# [INFORMATION GIVEN]
▬▬▬▬▬▬
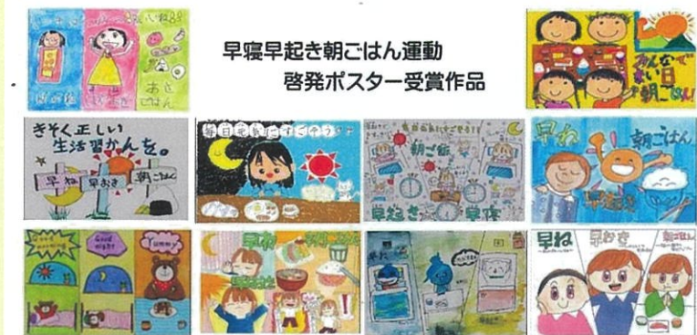
早寝早起き朝ごはん運動 啓発ポスター受賞作品

10月16日、五個荘中学校の全校生徒および当五個荘支部の役員・まちづくり協議会の有志が、地域のイベント会場となる五個荘中央公園や五個荘中学校のグラウンド周辺のごみ拾いと除草作業を行いました。共に汗を流すことで、より一層交流が深まりました。
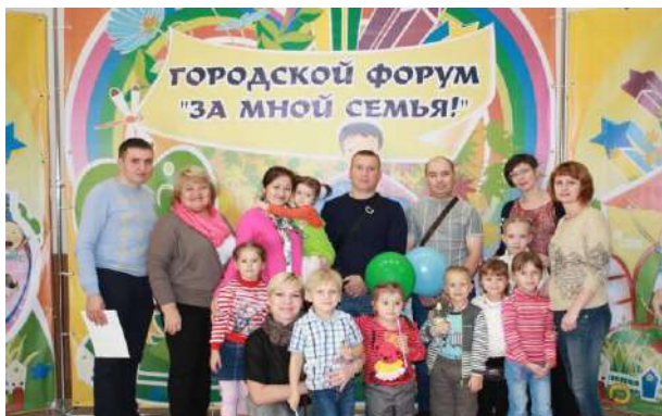
Рисунок 22 На городском мероприятии «Благовест»

Благодаря работе детско-родительского оркестра «Коробейники» отцы стали активными участниками в различных городских семейных мероприятиях, таких, как городской форум «За мной семья!».
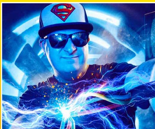
Dj Ice K
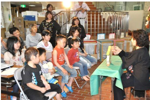
東松島市小野市民センターの避難所。 子どもたちが「大きなかぶ」を楽しむ。
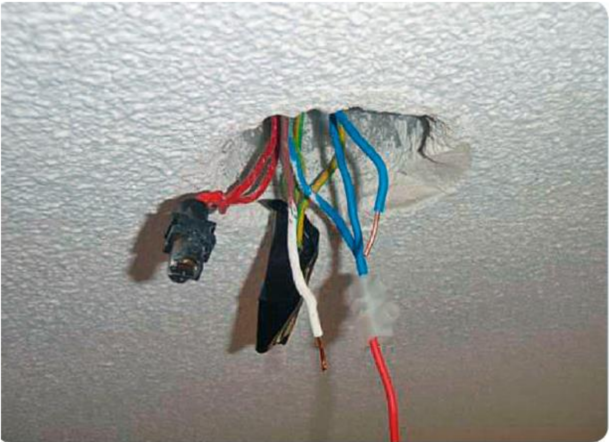
Image extraite de l' « Activité 3 » de la Malette pédagogique « Logement » de Lire & Écrire asbl
▬▬▬▬▬▬
# [TASK BRIEF]
Each line of the data above is to be output exactly; the pictures are not to appear.

# [EXERCISE RESPONSE]
早寝早起き朝ごはん運動 啓発ポスター受賞作品

10月16日、五個荘中学校の全校生徒および当五個荘支部の役員・まちづくり協議会の有志が、地域のイベント会場となる五個荘中央公園や五個荘中学校のグラウンド周辺のごみ拾いと除草作業を行いました。共に汗を流すことで、より一層交流が深まりました。
Рисунок 22 На городском мероприятии «Благовест»

Благодаря работе детско-родительского оркестра «Коробейники» отцы стали активными участниками в различных городских семейных мероприятиях, таких, как городской форум «За мной семья!».
Dj Ice K
東松島市小野市民センターの避難所。 子どもたちが「大きなかぶ」を楽しむ。
Image extraite de l' « Activité 3 » de la Malette pédagogique « Logement » de Lire & Écrire asbl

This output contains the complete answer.